Find f(z) if possible from u(x,y) and v(x,y)

[IHazAName]

Homework Statement

a. u(x,y)=(x+2)²-y², v(x,y)=2(x+2)y
b. u(x,y)=cosxcoshy, v(x,y)=-sinxsinhy
c. u(x,y)=(x²+y²+y)/(x²+y²), v(x,y)=x/(x²+y²)
d. u(x,y)=e^ycosx, v(x,y)=e^ysinx

The Attempt at a Solution

a. f(x+iy)=(x+2)²-y²+i2(x+2)y
=(x+2+iy)(x+2+iy)
f(z)=(z+2)²

b. f(x-iy)=cosxcoshy-isinxsinhy
Am I allowed to answer this question as f(\bar{z})=cos\bar{z}?

c.f(x-iy)=((x²+y²+y)/(x²+y²))-i(x/(x²+y²))
=((x-iy-i)(x+iy))/((x-iy)(x+iy))
=(x-iy-i)/(x-iy)
Same as b... f(\bar{z})=(\bar{z}-i)/\bar{z}?

d. du/dx != dv/dy, fails Cauchy-Reimann?

Edit: How do I go from x-iy to x+iy? This escapes me. :(

 

[tiny-tim]

Welcome to PF!

Hi IHazAName! Welcome to PF!

Is the question to find an f such that f = u + iv ?

a and b look ok

(for b, just replace y by -y )

I haven't checked c

For d, isn't cauchy-riemann only relevant to differentiability? Try again

 

[HallsofIvy]

Homework Statement

a. u(x,y)=(x+2)²-y², v(x,y)=2(x+2)y
b. u(x,y)=cosxcoshy, v(x,y)=-sinxsinhy
c. u(x,y)=(x²+y²+y)/(x²+y²), v(x,y)=x/(x²+y²)
d. u(x,y)=e^ycosx, v(x,y)=e^ysinx

The Attempt at a Solution

a. f(x+iy)=(x+2)²-y²+i2(x+2)y
=(x+2+iy)(x+2+iy)
f(z)=(z+2)²

b. f(x-iy)=cosxcoshy-isinxsinhy
Am I allowed to answer this question as f(\bar{z})=cos\bar{z}?

If f(\bar{z})= cos(\bar{z}), then f(z)= cos(z).

c.f(x-iy)=((x²+y²+y)/(x²+y²))-i(x/(x²+y²))
=((x-iy-i)(x+iy))/((x-iy)(x+iy))
=(x-iy-i)/(x-iy)
Same as b... f(\bar{z})=(\bar{z}-i)/\bar{z}?

And, as in b, if f(\bar{z})= (\bar{z}- i)/\bar{z} then f(z)= (z- i)/z.

d. du/dx != dv/dy, fails Cauchy-Reimann?

The problem asked you to find a function- it did not say the function had to be analytic.

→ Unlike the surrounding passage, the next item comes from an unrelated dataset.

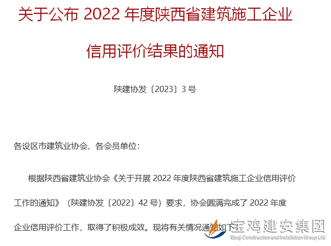 據(jù)悉,2022年度,參評(píng)企業(yè)范圍涵蓋了全省9個(gè)地市,涉及房建、市政、交通、鐵路等多個(gè)行業(yè)(專業(yè)),分布更加均衡,尤其是今年申報(bào)信用評(píng)價(jià)的企業(yè)數(shù)量創(chuàng)歷年來(lái)新高,企業(yè)參與度更加積極,競(jìng)爭(zhēng)更加強(qiáng)烈。寶雞建安集團(tuán)股份有限公司再次獲得殊榮,首先來(lái)自于集團(tuán)領(lǐng)導(dǎo)的高度重視和指導(dǎo),其次與各部室通力協(xié)作密不可分,大家齊心協(xié)力,同心同德,不計(jì)得失,甘于奉獻(xiàn),充分展示了并肩協(xié)作的工作作風(fēng)。陜西省建筑施工企業(yè)信用AAA級(jí)榮譽(yù)的獲得,必將進(jìn)一步激發(fā)廣大員工追求卓越、勇攀高峰的拼搏精神,不斷為企業(yè)更快更好發(fā)展奉獻(xiàn)自身的智慧和力量!

Edit: How do I go from x-iy to x+iy? This escapes me. :(

If z= x- iy, then \bar{z}= x+ iy.

 

[IHazAName]

Thanks guys!

If f(\bar{z})= cos(\bar{z}), then f(z)= cos(z). And, as in b, if f(\bar{z})= (\bar{z}- i)/\bar{z} then f(z)= (z- i)/z. The problem asked you to find a function- it did not say the function had to be analytic.

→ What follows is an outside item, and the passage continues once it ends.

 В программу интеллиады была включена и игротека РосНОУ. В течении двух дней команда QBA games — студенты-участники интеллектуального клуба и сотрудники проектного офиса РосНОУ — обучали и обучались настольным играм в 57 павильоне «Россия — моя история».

If z= x- iy, then \bar{z}= x+ iy.

...Oops. I forgot to mention that...these are supposed to be analytic functions as that is what we're learning. :(

So, just to make extra sure: for f(x-iy)=cos(x)cosh(y)-isin(x)sinh(y) that is still f(z)=cos(z)? Even though using x+iy grants f(x+iy)=cos(x)cosh(y)+isin(x)sinh(y)

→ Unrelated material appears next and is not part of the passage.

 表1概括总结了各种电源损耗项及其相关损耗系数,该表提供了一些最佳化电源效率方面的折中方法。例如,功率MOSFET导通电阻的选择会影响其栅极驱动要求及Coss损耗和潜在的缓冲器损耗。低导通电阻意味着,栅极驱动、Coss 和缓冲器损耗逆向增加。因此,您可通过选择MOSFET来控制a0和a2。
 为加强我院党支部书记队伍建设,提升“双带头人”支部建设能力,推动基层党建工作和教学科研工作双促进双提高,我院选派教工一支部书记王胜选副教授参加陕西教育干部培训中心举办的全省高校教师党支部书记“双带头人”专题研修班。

I guess my confusion with that in our notes we only solve it one way...where we're given a f(z)...say f(z)=z and plug in x+iy so that f(z) becomes f(x+iy)=x+iy, and solve for u(x,y) and v(x,y). In these problems I was just trying to go in the reverse direction, so getting a result that needed x-iy was confusing to me.